Especially my dad. Just the thought makes my body go cold. I don’t know my place in the world without my father—it's why I chose to go to Iowa State, thirty minutes from Des Moines, instead of the school in Colorado I’d always planned to attend.

I want what Audrey has. What her nephew has. I want a life where there’s no way I will ever be alone.

These thoughts churn through my mind throughout the entire drive, and when I pull into my dad’s driveway, I barely remember getting there. I’m going back to school later, so I only bring my keys and my phone with me into the house. The couch looks inviting, but I decide to go upstairs to my old room so I can lay down in a bed.

I’m halfway up the stairs when my dad’s voice comes out of nowhere, making me jump. “Zay-Zay? Is that you?”

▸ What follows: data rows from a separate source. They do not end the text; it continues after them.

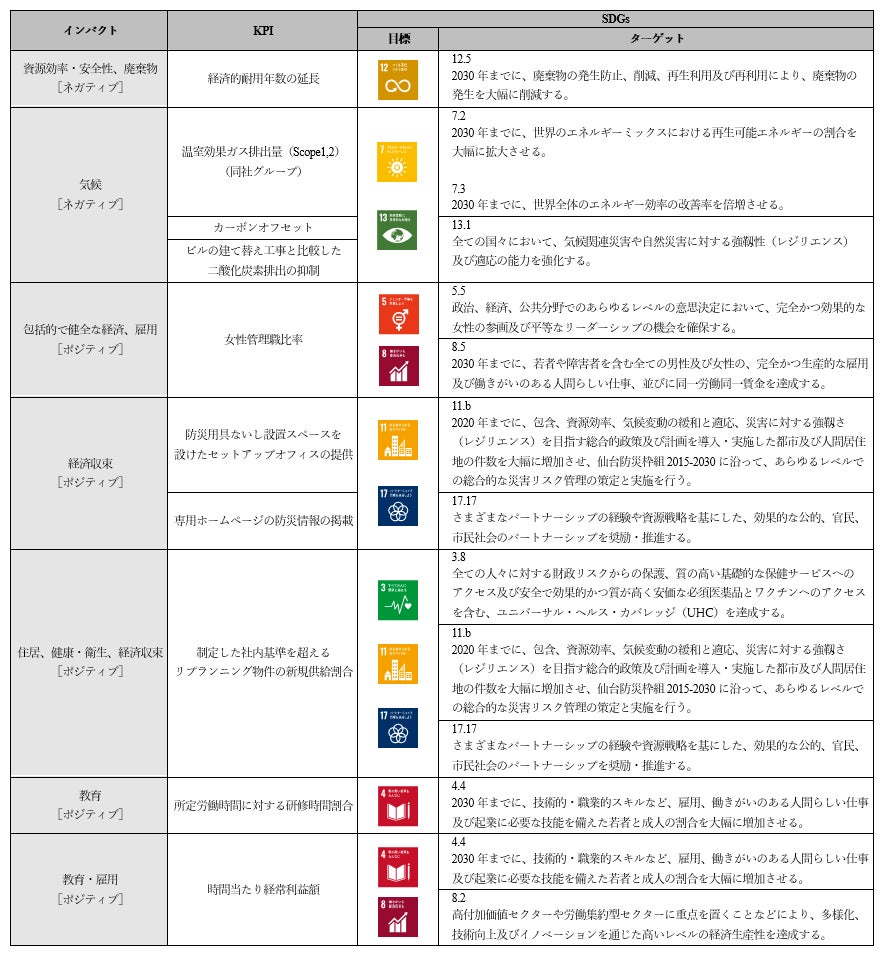【ポジティブ・インパクトファイナンスに掲げるKPIおよび目標】
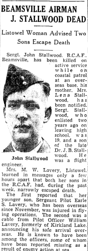 Son of Dr. J. B. Stallwood and A. Lena Stallwood, of Beamsville, Ontario.
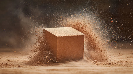 This captivating image showcases a wooden block creating a dynamic dust cloud, highlighting the interplay of movement and texture in an artistic natural setting.
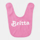 First of all, the shipping was fast. This bib was everything I had hoped for. It has such a smooth feel to it and is machine washable. The colors are vivid and the image quality is just as pictured on the web. Will be happy to give this as a New Baby gift !
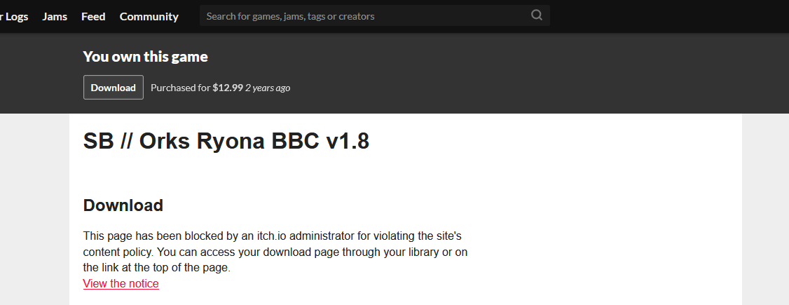 Here is an example of the main game page if the user owns the game, with the text "You own this game" and "Download" button at the top
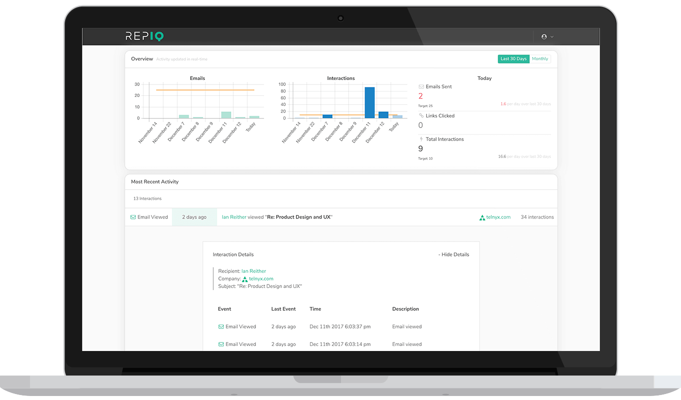 My role included establishing a design system and style guidelines to ensure a consistent user experience. I directed and defined the design and user experience for the RepIQ web application, creating UI deliverables ranging from sketches to functional prototypes. The RepIQ platform ranged in features from email tracking to in-depth company and people data, including analysis and data insights.

Pressing a hand to my chest, I walk into his office. He’s behind his computer monitor, peering at me over the top of it.

“You scared me. I thought you’d be at work.”

Dad leans back in his desk chair, stretching as he does. He’s wearing pajamas and glasses instead of contacts. It looks like he’s trimmed his short beard since the last time I saw him. “I took off today. I have a guy coming to look at the water heater. Why aren’t you at school?”

“I barely slept on the train.” I cross the room and lean over to give him a hug. When his arms go around me, I instantly feel a little bit better. “I was afraid I’d fall asleep at the wheel if I tried to go all the way to Ames.”